Parsing Techniques Notes by Angold Wang

1. Parsing and Grammars

Include Chapter 1 & 2 of the book: Parsing Techniques.

Parsing (syntactic analysis) is probably one of the best understood branches of computer science. And of course parsers are being used extensively in a number of disciplines:

In Computer Science

Compiler Construction
Database Interfaces
Artificial Intelligence
…

In Linguistics

Text and Textual Analysis
Natual language Translation and Recongnition
Corpora Analysis
…

In this series: Parsing Techniques Notes, I’m trying to illustrate the basic concepts, and techniques of Parsing, which are the notes of the book: Parsing Techniques by Dick Grune and Ceriel Jacobs.

1. An Overview of Parsing

“Parsing is the process of structuring a linear representation in accordance with a given grammar”.

If you do not know what parsing is, here is the definition. But you may still confuse with that after reading it. Since this definition has been kept abstract on purpose, to allow as wide an interpretation as possible.

i. The Target of Parsing

The “linear representation” that shown in the definition may be a sentence, a computer program, a knitting pattern, a sequence of geological strata, or even a piece of music. and they do have something in common:

Any linear representation (sequence) has some rule with it, which tells the parser whether it is an valid sequence, and tells us the meaning of the representation. We call that rule grammar.
Any linear representation (sequence) in which the preceding elements in some way restrict the next element.
- For example: Consider a simple calculator “1 + 2 =”: if the preciciding element in that expression is a number, say 3, it will restrict its next element so that it can only be a symbol (e,g. +).
- If there is no restriction, the sequence still has a grammar, but this grammar is trivial, uninformative and hard to understand.

ii. The Purpose of Parsing

For each grammar, there are generally an infinite number of linear representations (aka “sentence”) that can be structured with it. The finite-size grammar can supply structure to an infinite number of sentences. And that is the purpose of a grammar: To Summarize succinctly the structure of an infinite number of objects of a certain class.”

In general, there are two reasons to perform this structuring process called parsing:

After parsing a given sentence, we can show that whether this sentence can be recongnized according to a grammar. And for the error-repairing parsers, they can suggest possible word classes for missing or unknown words on clay tablets.
Grammars usually have semantics attached to them (Specific sementics is attached to specific rules); The obtained structure (e.g. parse tree) of parsing can help us to process the sentence fucther. (understand its semantics)
- The obtained structure often shows which rules were involved in the production of a string and how.
- Reconginition is not enough, we need parsing to get the full benefit of the syntactic approach.

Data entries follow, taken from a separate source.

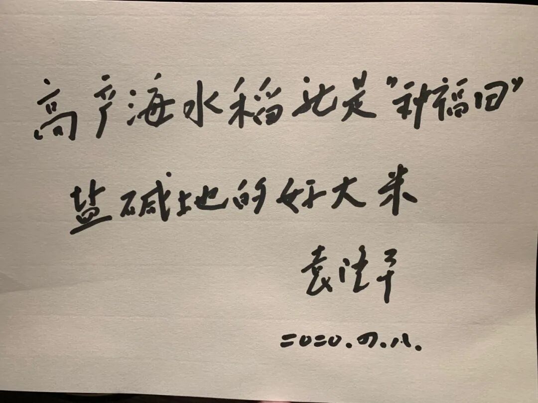 40分钟,谈当下话未来,大家收获很多。当得知禹王湿地海水稻接连高产,并规划“海水稻一二三产业融合发展示范区”时,袁老高兴地竖起大拇指,称赞潍坊在海水稻产业中走在了全国前列,并欣然题词“乡村振兴 滨城先行”、“责任担当 情系民生”。当场,他还为海水稻大米起了一个意义深远的名字“种福田”,题词“高产海水稻就是‘种福田’,盐碱地的好大米。”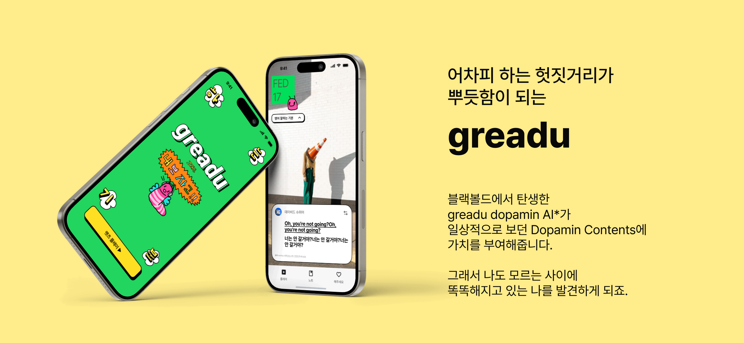 블랙볼드에서 탄생한 greadu dopamin AI*가 일상적으로 보던 Dopamin Contents에 색다른 가치를 부여해줍니다.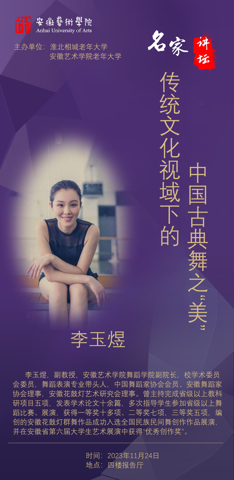 李玉煜教授以《传统文化视域下的中国古典舞之“美”》为主题,从形、神、劲、律四个方面向学员们讲解了中国古典舞的审美法则,其中“形”指舞姿外部的特征;“神”指对舞蹈内涵的把握;“劲”指舞者节奏和力度的运用;“律”指舞蹈和规律的习惯。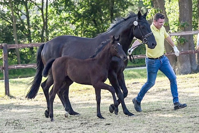 "Gloria ZS" Black filly, born 19.04.205 Grey Butt-Weltrum-Natiello XX It doesn't get any fancier than this – with the pedigree providing the best prerequisites for a dual talent. The full brother was the reserve winner at the free-jumping competition in Hepstedt, and the half-sister by Vidar – now 5 years old – is winning one dressage test after another. The foal has beautiful movements. We don’t need to say much about the sire – he is making his mark. The dam received a score of 7.75 for rideability at the SLP. The dam and granddam are registered in the performance mare book of classes "A" and "D" with the FN in Warendorf – the same applies to the great-granddam. The granddam produced 14 foals in 15 breeding years – exclusively blacks – of which 7 were sold through the Verden foal auction – they are now competing in dressage up to class "S" – unfortunately very few in Germany. On the maternal side, there is the same bloodline as the legendary stallion "De Niro" – Akzent II-Waidmannsdank XX-Ferdinand – so what more could one want – an offer for sport and breeding. The foal can stay for raising at the breeder's stable. If you are interested, please feel free to contact me. We do not breed show jumpers – we breed horses with dual talent! Wilhelm Steffens, Ehebrock 3, 27412 Breddorf Tel. 04285/734 or 0160/5312125 E-Mail: w.steffens@grewe-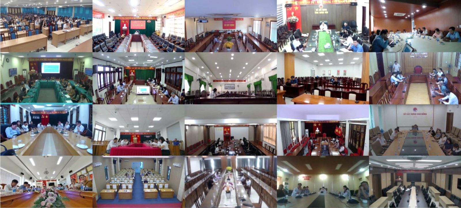 Đại biểu tham dự trực tuyến tại các điểm cầu Sở Xây dựng 34 tỉnh, thành phố
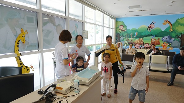 Khu vực tiếp nhận kiểm tra tổng trạng của bé tại Phòng khám Nhi ngoài giờ Bệnh viện Quốc tế City.
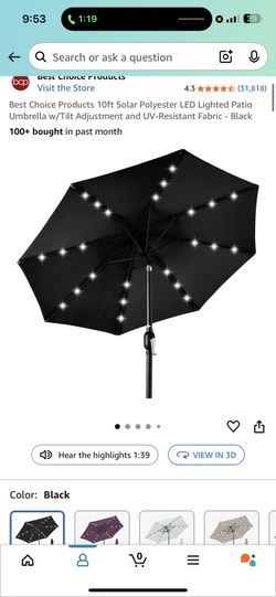 Bear Choice Black Led Solar Light Umbrella 10 Ft $50Rancho Cucamonga, California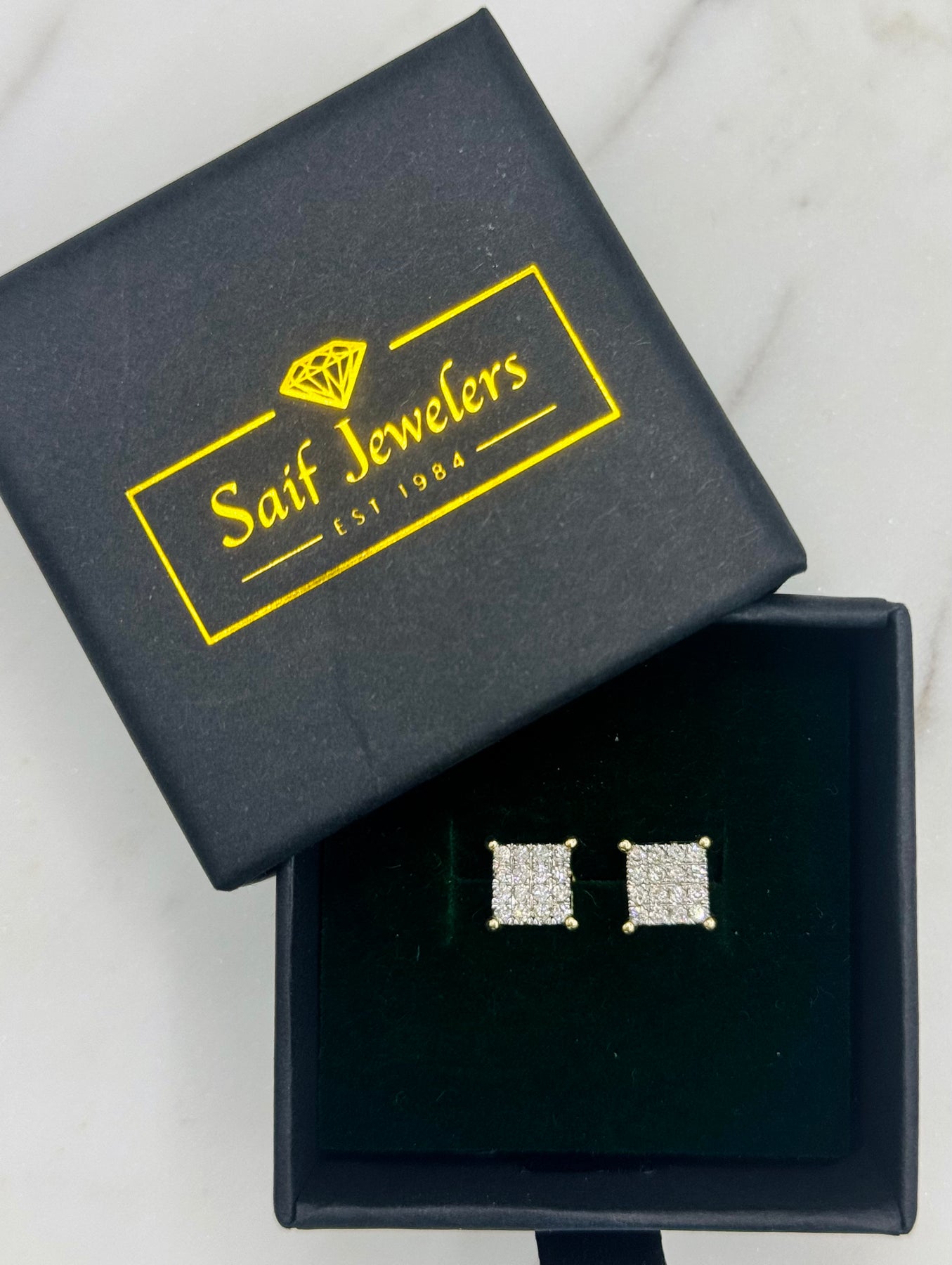 10K Yellow Gold 0.40Ct 7.6mm Square Diamond Studs with Threaded Stem and Screw Backs.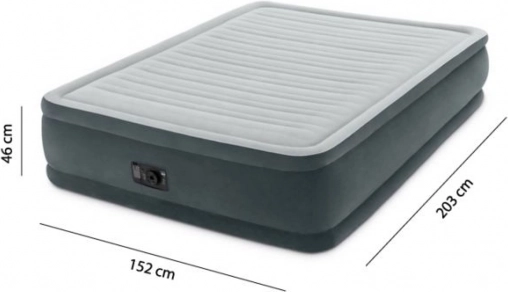 Salteaua gonflabilă Intex (203x152x46 cm) este soluția ideală pentru un somn confortabil pentru două persoane, acasă sau în călătorii. Datorită pompei electrice încorporate, salteaua oferă avantajul unei umflări rapide în doar 3 minute și a unei dezumflări ușoare în 1 minut.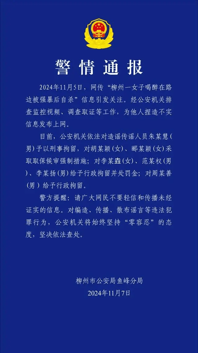 在廣西柳州,近日網傳“一女子喝醉在路邊被性侵后自殺”,相關的影片在網上瘋傳,事件引發關注。事后警方介入調查,7人被處罰,其中1人被刑拘,稱這對男女其實是朋友關系,網上消息屬于謠言。

2. Grammars as a Generating Device

Everyone who has studied a foreign language knows that a grammar is a book of rules and examples which describes and teaches the language. The computer scientist takes a very abstracted view of it, which not only can grammar describe a language, but also it should show the recipe of that language (the recipe should imply how a sentence can be constructed).

Quite unlike human, the computer needs a clear, well-understood and unambiguous grammar in order to process its language. In the human’s world, the linguist holds his view of language because it gives him a formal tight grip on a seemingly chaotic and perhaps infinitely complex object: natual language, and understand its meaning through the human’s heart.

i. Describing a language through a finite recipe.

A good way to build a set of objects is to start with a small object and to give rules how to add to it and construct new objects from it. For example, “Two is an even number and the sum of two even numbers is again an even number” effectively generates the set of all even numbers.

Suppose we want to generate the set of all enumerations of names, of the type “Tom, Dick and Harry”, in which all names but the last two are separated by commas.

For example, in this case, we will not accept “Tom, Dick, Harry” nor “Tom and Dick and Harry”. And Only “Tom, Dick and Harry” would be right. A simple-minded recipe would be:

Recipe #1

Tom is a name, Dick is a name, Harry is a name;
a name is a sentence;
a sentence followed by a comma and a name is again a sentence;
before finishing, if the sentence ends in “, name”, replace it by “and name”.

Although this seems will work for a cooperative reader, there are several things wrong with it:

Problems of Recipe #1

In Clause 3, the sentence does not really end in “, name”, it actually end in “, Dick” or such.
- The “name” is just a symbol that stands for the real name. it will be replaced by a real name as given in rule 1.
- To Solve it, we define that there are two kinds of symbols involved here: terminals and non-terminals.
- terminals (short for “terminal symbols”) are symbols that will occur in finished sentences. (e.g, “tom”)
- non-terminals (a singularly unin-spired term) which are the intermediate symbols that cannot occured in a finished sentence.
As I mentioned above, the computer needs a clear and generative grammar in order to process its language.
- In Clause 1, the “\(X\) is a \(Y\)” should be replaced by “\(Y\) may be replaced by \(X\)”.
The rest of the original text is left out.